As Jesus was nearing the end of his time with his friends (his disciples), he emphasized how important it is to love one another. He even washes their feet to demonstrate that even the Son of God will humble himself because he loves his friends. He teaches them what he means when he calls them friends, when he regards us as his friends, and not as servants. This is what Jesus our friend said,  

“I do not call you servants any longer, because the servant does not know what the master is doing, but I have called you friends, because I have made known to you everything that I have heard from my Father” 

The late Earl Palmer, an American Presbyterian pastor, taught from this passage. Palmer observed that Jesus regards us as his friend by virtue of the fact that Jesus allows us to be in the company of him and the heavenly Father as they have a conversation about the secrets of God’s heart. In other words, only to his friends will Jesus whisper the Father’s heart because to do so is to entrust the treasure of the One who loves him into our own heart. That by doing so, we are let into the heart of God. 

It’s that quality of friendship that is most needed more than ever. It’s the God-shaped heart that takes the risk to love and be loved. It’s the kind where you can whisper to your friend the sacred longings, hopes, dreams, and fears of your heart. It’s, likewise, receiving from your friend the same: being entrusted with the treasure of their heart. And it’s also experiencing joy and delight in being with each other, even through online technology, whether it be for a 15-minute coffee or for a whole day at the tennis courts or sharing corny jokes that no one else appreciates but they do.  
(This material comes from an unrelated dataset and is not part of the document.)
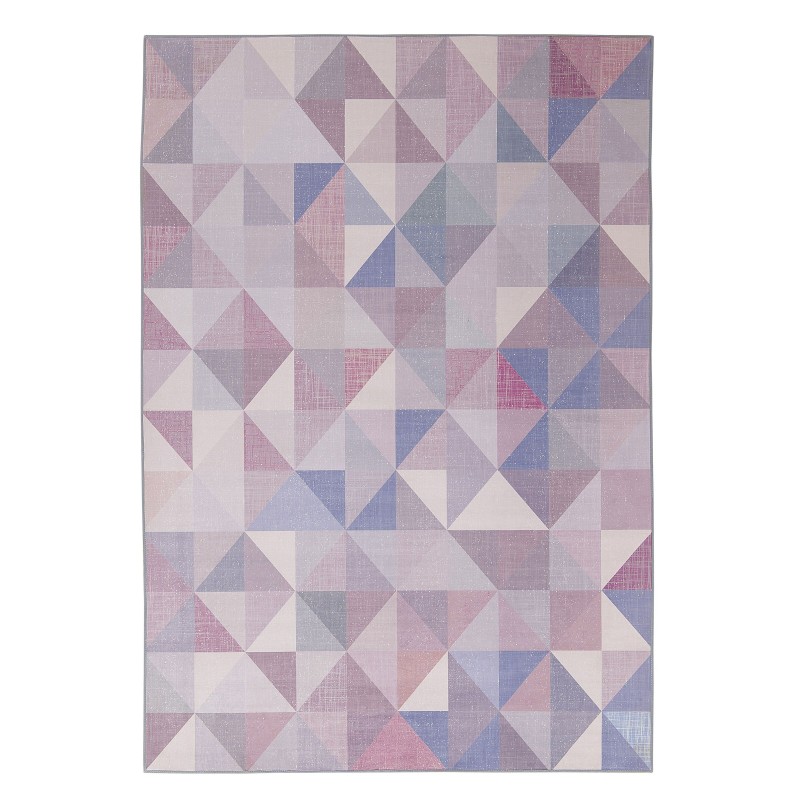 Esta alfombra será el complemento perfecto para interiores modernos. Su diseño geométrico consiste en muchos pequeños triángulos que crean un efecto impresionante. Los sutiles tonos de azul, gris y rosa añaden color al interior y complementan la habitación sin abrumarla. La base antideslizante hace que la alfombra sea ideal tanto para la sala de estar como para el dormitorio.

Friendships are gifts of God and gifts from God. The ability to open up our hearts and lives to others is a gift of and from God as well. In doing so, we reflect a bit on what Jesus shows us what love is about, what it takes to love, and what it means to be loved.  

The wise words of philosopher and poet, Henri-Frédéric Amiel, encapsulate well what is needed more than ever:  

“Life is short. We have but little time to gladden the hearts of those who walk this way with us. So we swift to love, make haste to be kind.”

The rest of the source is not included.